───── Given entries ─────

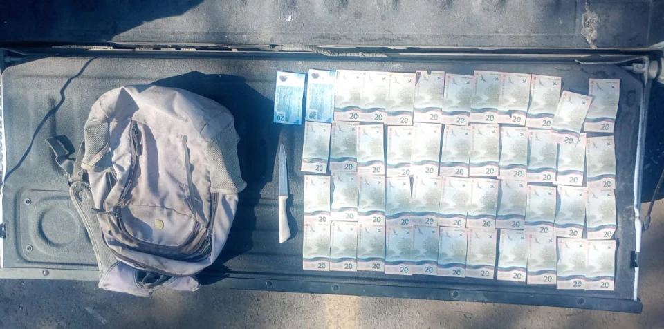 Minutos después, arribó un empleado del establecimiento, quien señaló que momentos antes el detenido lo había amenazado con un arma blanca para exigir el efectivo, entregando la cantidad de 900 pesos.
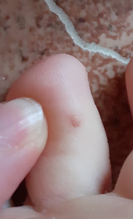 Или это что то плохое. В реале не розоватое. Не болит.не помню, что бы уколола.а по виду как царапка
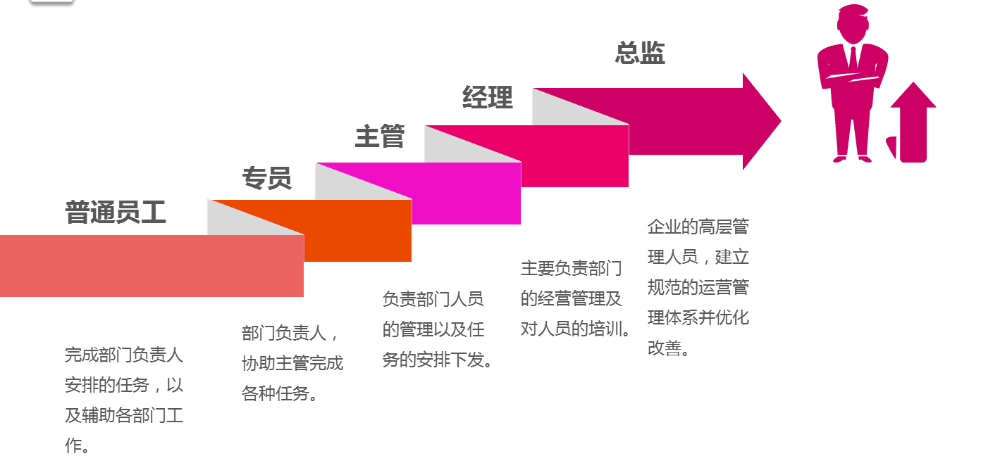 3、职业发展规划:普通文员→专员→主管→经理→总监(完善的晋升体系,内训外训相结合)
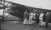 On 15 June 1927, Black chartered a KLM monoplane for a 18,707-mile (30,106 km) flight from the Netherlands to Batavia and back in 27 days, the first international charter flight. Most flight occurred in a Fokker F.VII, (registered H-NADP) a high-wing monoplane powered by a single 440 hp Gnome-Rhone Jupiter IV engine and extended range tanks good for a range of 1,250 miles (2,010 km). The aircraft was brought into KLM's hangar on the 13th, and refitted with an overhauled engine and a four-seat configuration two days before the trip.[10] The trip was described by newspapers as uneventful, yet while in Burma, wild elephants charged Black's aircraft.[11] On 29 June 1927, Black became the first paying passenger to land in Singapore after 86 hours of flight time and 14 stops.[12] The Queen of the Netherlands presented Black with the Cross of Knighthood of the Order of Orange-Nassau on return to the Netherlands. Black's return reception in Baltimore included 500 guests including his friends, Herbert C. Hoover, Commander Richard Evelyn Byrd, Anthony H. G. Fokker, Owen D. Young, Franklin D. Roosevelt.[13]
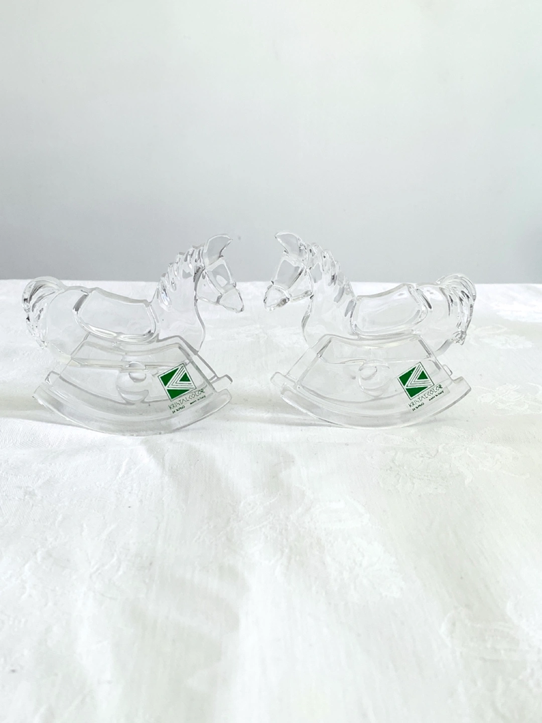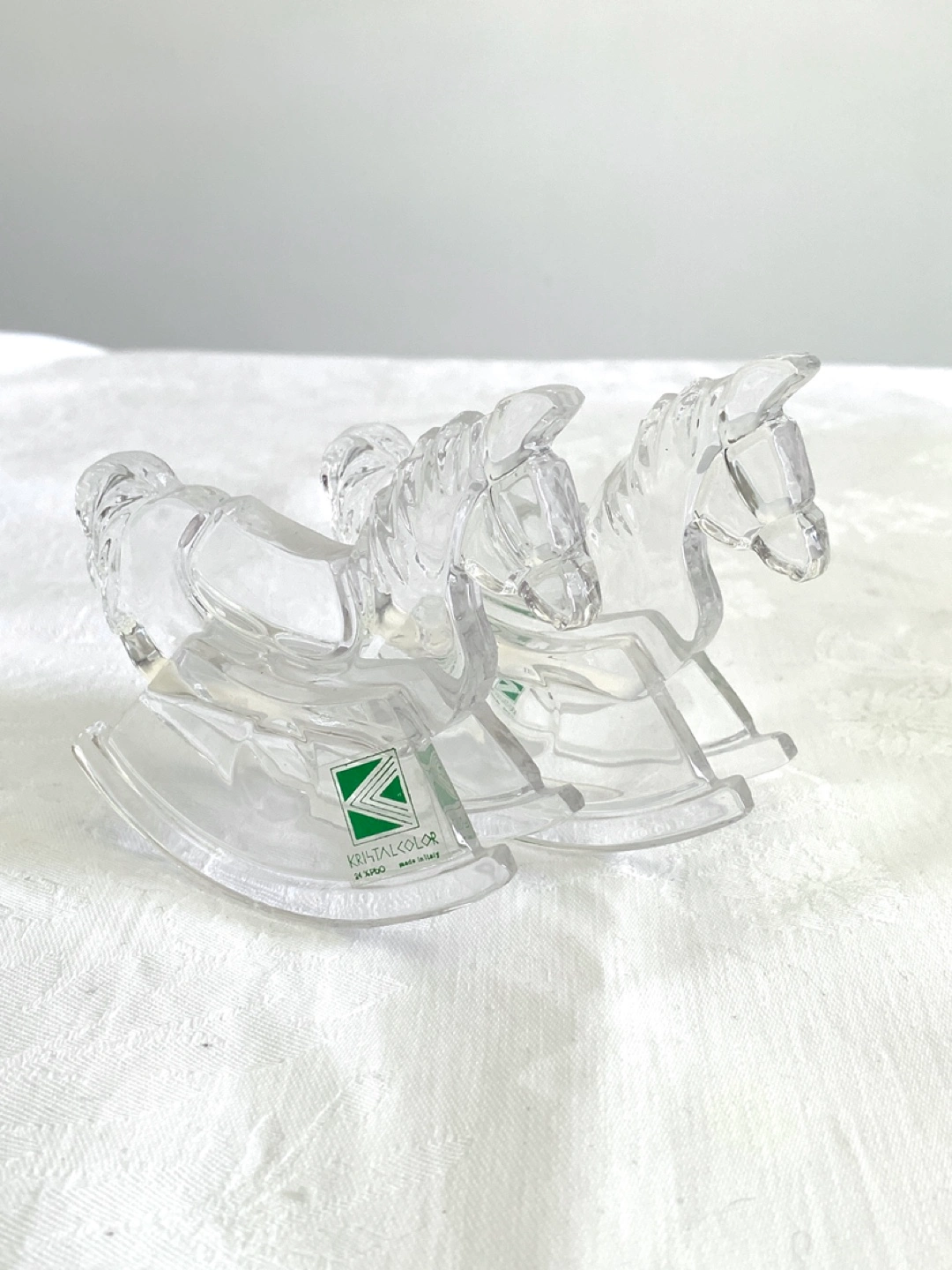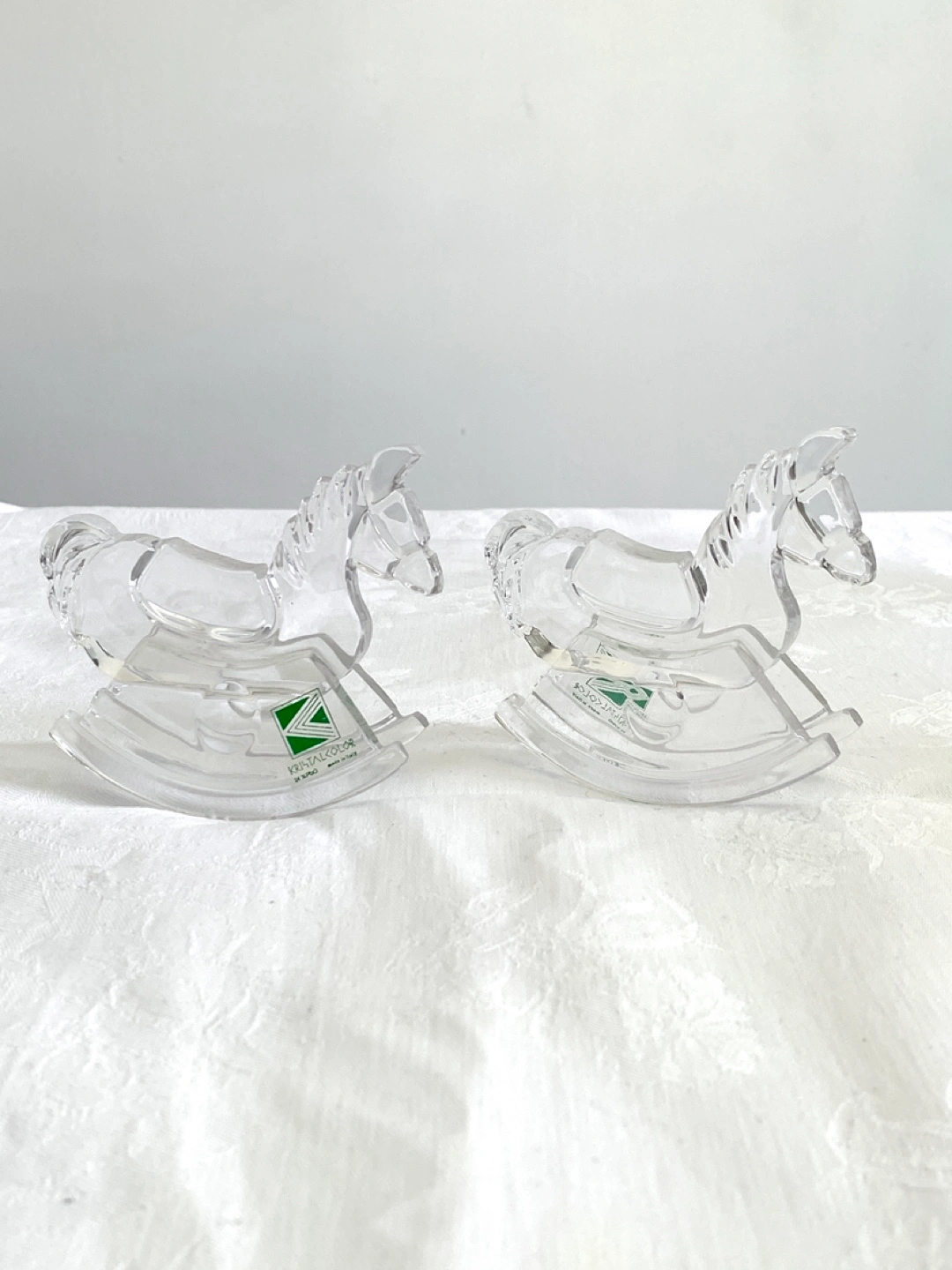 Two lovely crystal rocking horse figurines. Clear glass. Collectible pair perfect for equestrians and animal lovers. Made in Italy.
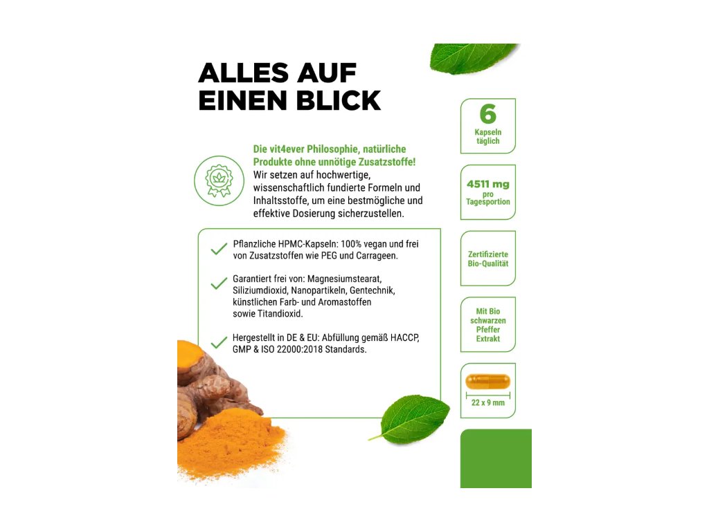 Naše kapsle kurkuma jsou vyráběny podle evropských standardů kvality (DIN EN ISO 9001 a koncept HACCP) a stejně jako u všech doplňků výživy Vit4ever vždy přikládáme velký význam skutečnosti, že se používají pouze přírodní prémiové suroviny s nejlepší biologickou dostupností a tolerancí ve výrobě . Náš kurkumový prášek pochází přímo z Indie.
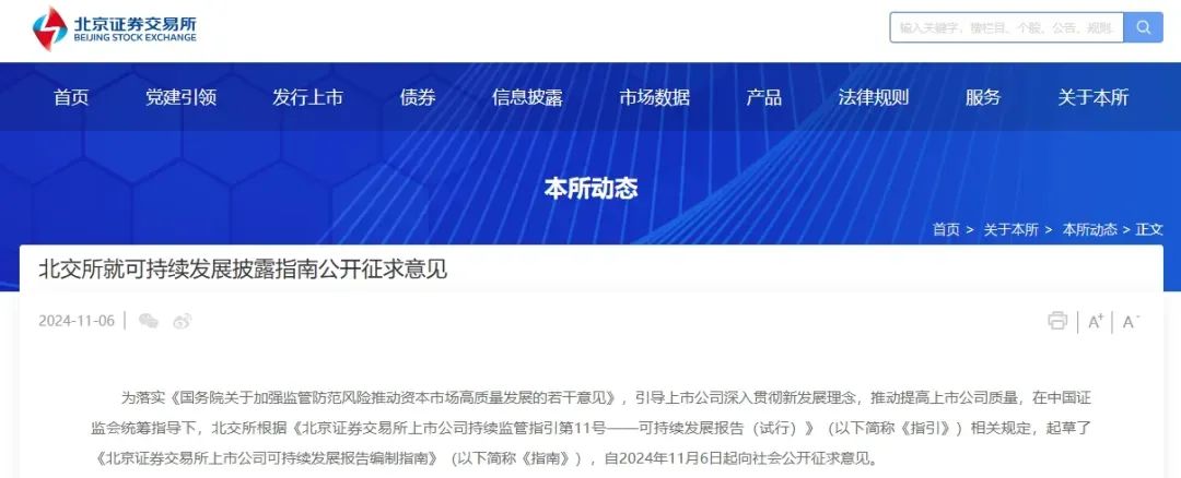 為落實《國務院關於加強監管防範風險推動資本市場高質量發展的若干意見》,引導上市公司深入貫徹新發展理念,推動提高上市公司質量,在中國證監會統籌指導下,北交所根據《北京證券交易所上市公司持續監管指引第11號——可持續發展報告(試行)》(以下簡稱《指引》)相關規定,起草了《北京證券交易所上市公司可持續發展報告編制指南》(以下簡稱《指南》),自2024年11月6日起向社會公開徵求意見。

─────

§ Task directions: Only the lines from the start of the records to the one containing "3、职业发展规划:普通文员→" should be repeated, exactly and with both ends kept; drop any pictures.

§ Completed exercise:
 Minutos después, arribó un empleado del establecimiento, quien señaló que momentos antes el detenido lo había amenazado con un arma blanca para exigir el efectivo, entregando la cantidad de 900 pesos.
 Или это что то плохое. В реале не розоватое. Не болит.не помню, что бы уколола.а по виду как царапка
 3、职业发展规划:普通文员→专员→主管→经理→总监(完善的晋升体系,内训外训相结合)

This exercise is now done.